» ACTIVITY: Begin at the line that has "Отдельным блоком доступна", stop after the line that has "أضيفي لمسة من", and print exactly those lines from the records below, without any pictures.

*** Opening ENTRIES SHOWN ***

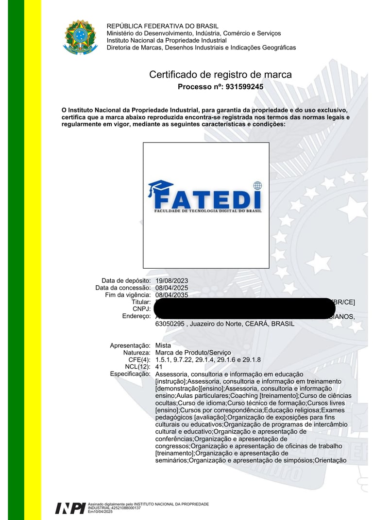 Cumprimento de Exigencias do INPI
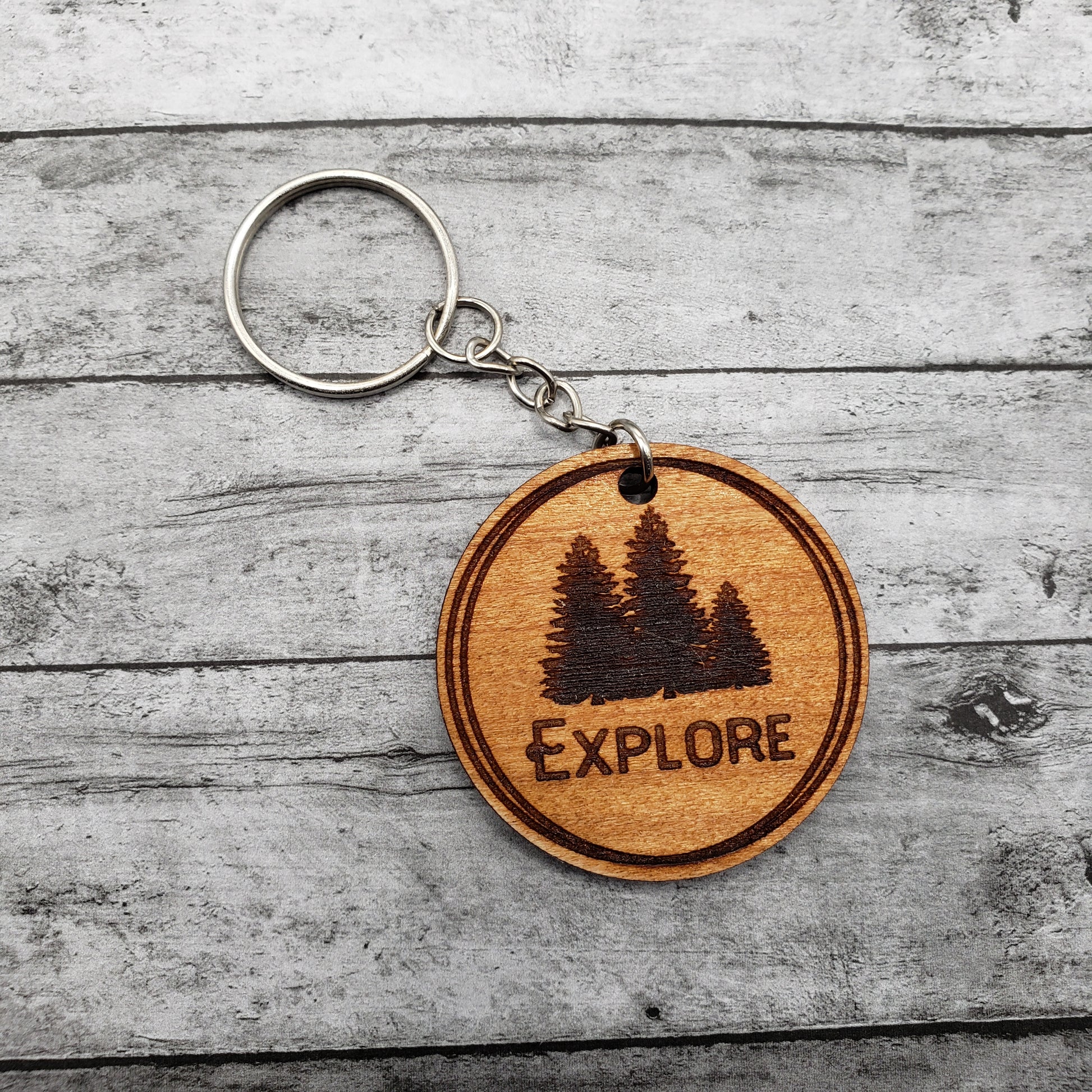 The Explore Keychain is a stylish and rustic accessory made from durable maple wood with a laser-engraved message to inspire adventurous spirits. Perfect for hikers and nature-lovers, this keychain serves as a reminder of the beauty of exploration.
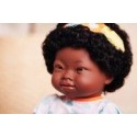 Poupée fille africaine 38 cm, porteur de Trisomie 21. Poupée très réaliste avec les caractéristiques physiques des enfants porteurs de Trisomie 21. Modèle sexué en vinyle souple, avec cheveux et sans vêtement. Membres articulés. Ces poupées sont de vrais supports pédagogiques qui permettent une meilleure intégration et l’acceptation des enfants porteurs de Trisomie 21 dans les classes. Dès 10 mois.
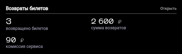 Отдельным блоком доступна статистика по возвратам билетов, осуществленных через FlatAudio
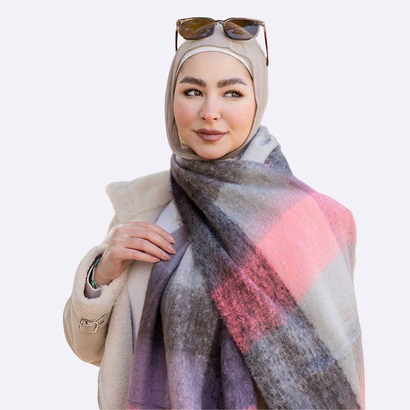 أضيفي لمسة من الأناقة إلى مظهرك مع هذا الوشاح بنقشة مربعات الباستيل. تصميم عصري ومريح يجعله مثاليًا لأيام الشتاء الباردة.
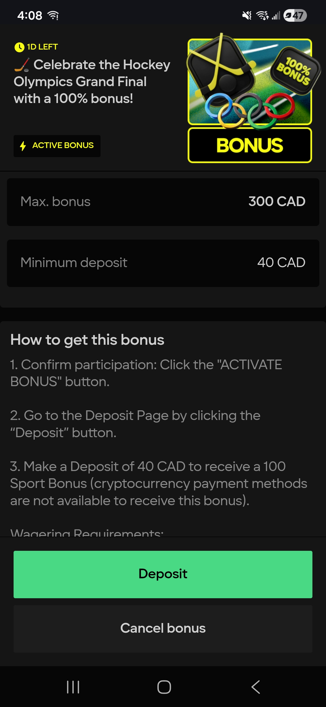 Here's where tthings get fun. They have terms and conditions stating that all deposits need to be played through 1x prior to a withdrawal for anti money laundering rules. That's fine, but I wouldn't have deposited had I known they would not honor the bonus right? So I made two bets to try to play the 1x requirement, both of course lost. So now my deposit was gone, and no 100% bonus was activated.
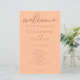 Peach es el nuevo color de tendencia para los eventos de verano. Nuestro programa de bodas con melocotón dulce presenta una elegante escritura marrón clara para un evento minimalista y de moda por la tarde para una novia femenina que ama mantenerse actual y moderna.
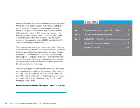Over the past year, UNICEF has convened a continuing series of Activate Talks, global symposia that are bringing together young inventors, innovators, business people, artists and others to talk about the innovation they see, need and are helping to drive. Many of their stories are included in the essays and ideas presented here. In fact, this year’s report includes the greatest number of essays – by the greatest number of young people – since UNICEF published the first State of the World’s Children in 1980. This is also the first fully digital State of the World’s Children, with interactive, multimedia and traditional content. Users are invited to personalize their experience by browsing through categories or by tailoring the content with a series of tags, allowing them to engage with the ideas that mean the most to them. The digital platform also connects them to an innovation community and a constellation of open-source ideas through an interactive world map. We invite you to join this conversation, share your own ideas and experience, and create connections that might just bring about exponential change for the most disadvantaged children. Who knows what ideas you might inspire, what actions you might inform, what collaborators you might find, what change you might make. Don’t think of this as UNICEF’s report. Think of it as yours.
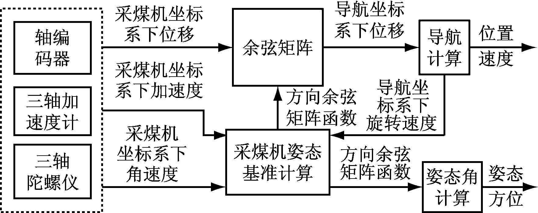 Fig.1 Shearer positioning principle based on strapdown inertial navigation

*** Closing ENTRIES SHOWN ***

» RESULT OF THE TASK:
 Отдельным блоком доступна статистика по возвратам билетов, осуществленных через FlatAudio
 أضيفي لمسة من الأناقة إلى مظهرك مع هذا الوشاح بنقشة مربعات الباستيل. تصميم عصري ومريح يجعله مثاليًا لأيام الشتاء الباردة.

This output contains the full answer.